Pentecostal Pastor Dizzis Ramos, leader of the Assemblies of God in Camagüey /Evangelical Revival Hialeah

14ymedio bigger14ymedio, Havana, 4 June 2024 — Pentecostal pastor Dizzis Ramos, leader of the Assemblies of God in Camagüey, has been waiting several days for a summons from the Police and a possible formal accusation from the Prosecutor’s Office for having been involved in the purchase of allegedly illegal cement in a State entity. The incident has been interpreted by the top authorities of his denomination as the prelude to “a very complex situation between the Church and the State.”

This is what Moisés de Prada, general superintendent of the Assemblies of God on the Island, believes; he clarifies to 14ymedio that neither Ramos nor Jorleidis Reynaldo – the pastor Ramos sent to buy the cement – are detained or under house arrest. The cement was confiscated and they were required not to leave the province. “They have restricted movement and must be available and locatable,” he says.

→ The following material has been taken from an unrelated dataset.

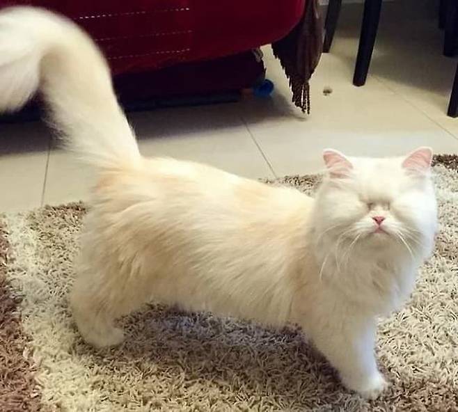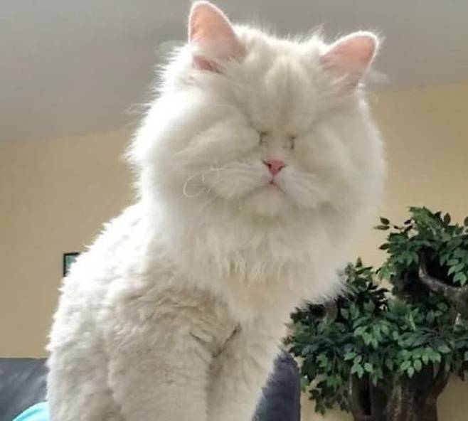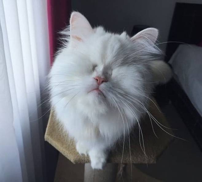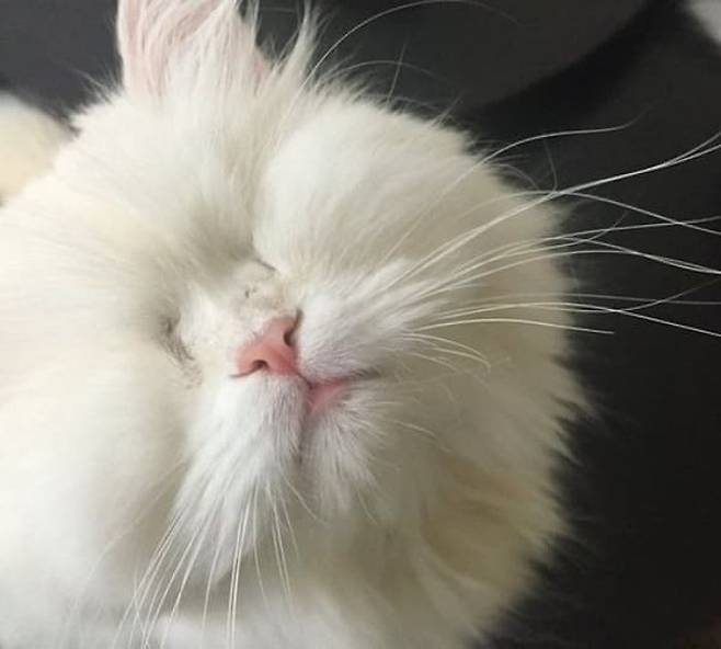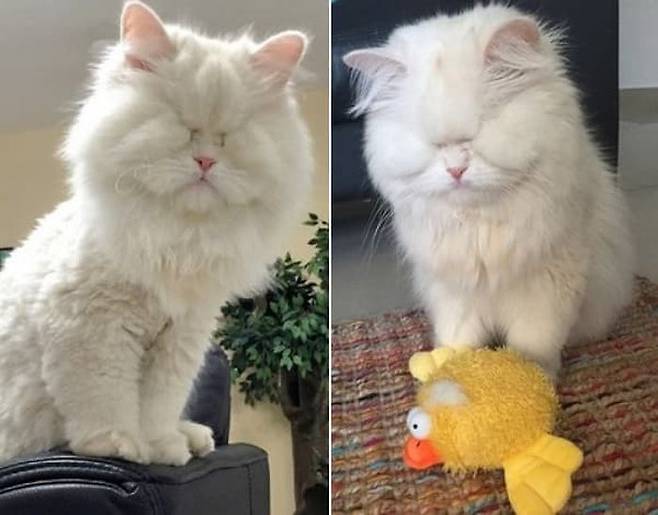 비록 앞을 볼 수는 없게 되었지만 고양이 모트는 여전히 사랑스럽고 귀여운 매력을 잃지 않았습니다.

“He (Reynaldo) went to buy the cement because they were told that they were selling it with no rationing,” says De Prada, who insists on the disconcerting nature of the accusation: “It was a state-run stand,” he stresses. “He made his purchase and, when he left, he was arrested.”

He showed the bill to the Police so that they could verify “that there was no problem.” Agents disagreed and replied that the invoice was false.” We bought cement in one of your entities,” Reynaldo defended himself, adding that, “if the Police had doubts about the legitimacy of the sale, it was the entity from which we bought the cement that they should ask for explanations.”

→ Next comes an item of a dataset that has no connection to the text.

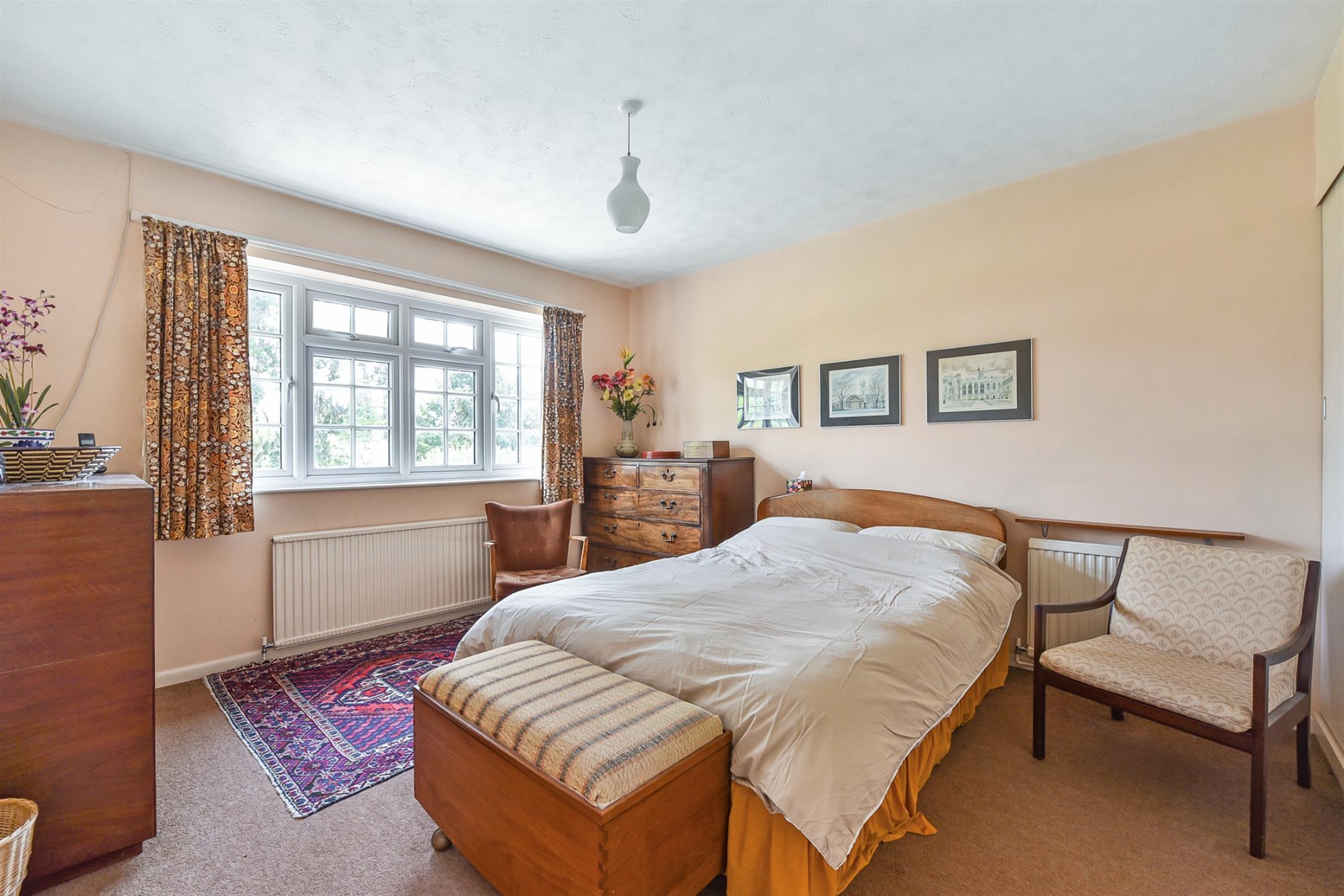 A generous double. Built-in wardrobes with sliding doors, lovely view of the front garden.

He showed the bill to the Police so that they could verify “that there was no problem.” Agents disagreed and replied that the invoice was false.

De Prada cannot specify how much cement it was. Still, he estimates there were “quite a few bags, perhaps 40 or 50, which Pastor Ramos was going to allocate to constructions in the church of Camalote,” an area located in the Camagüey municipality of Nuevitas. “We lost the cement,” Reynaldo told Ramos as he returned empty-handed. Shortly after, they were told they would be summoned for a trial in the coming months.

As one of the leaders of the Assemblies of God, De Prada took action on the matter and called, from Havana, the Office of Attention to Religious Affairs of the Communist Party. “That was over a week ago. They told me they were unaware of the situation and that they would find out. ” When he called again, two days ago, they still didn’t know.

De Prada then took it upon himself to warn them that they would not agree with the potential measures that could be taken against Ramos and Reynaldo. “It could bring an altercation between the Church and the State,” he considers. “We are asking the State to assess the situation and that nothing happens.”

He also contacted the provincial office of the Communist Party in Camagüey and offered to meet with them. A meeting “out of respect and understanding that we will not agree on any action taken against our pastor,” he demands. “They say that the measure was not taken for the mere fact that a pastor was involved,” he says.

He also contacted the provincial office of the Communist Party in Camagüey and offered to meet with them. 

In his calls with Party officials, De Prada was told that perhaps the entity did not have the right to sell that cement. De Prada repeated the argument that Reynaldo had given to the Police: Cubans take for granted that what the State sells is legal. Later this week, De Prada will travel to Camagüey.

With more than 53 million members worldwide, the Assemblies of God, one of the most popular Christian denominations on the Island, has always been a target of State Security because of its close ties with the Pentecostal communities of the United States. With a great capacity for mobilization – they are famous for their “mega-churches,” capable of gathering thousands of faithful followers – they are not affiliated with the World Council of Churches nor the Council of Churches of Cuba.

In June 2020, the board of directors of the Assemblies of God on the Island issued a statement making clear its position on the “debates, articles and criteria” that questioned its “non-negotiable principles on the nature of the family, its function and purpose.” The text stressed that “the Church is independent of the State” and that it did not have to accept equal marriage endorsed in the Family Code, then pending approval.

Given the attacks by people linked to the National Center for Sex Education (Cenesex in Spanish), led by Mariela Castro, they assured that the Church “is not contentious nor does it allow itself to be provoked by the hate speech by people and sectors that do not accept our doctrine.”

The government’s tensions with ministers of different denominations have again made headlines in recent weeks. Last May, as a gesture of protest against the blackouts, the Camagüey priest Alberto Reyes rang the bells of his parish in Esmeralda. The priest, one of the most critical voices of the Catholic clergy, was forbidden by his own bishop to repeat the bell ringing, a call to order in which more than a few suspected the State Security’s pressure.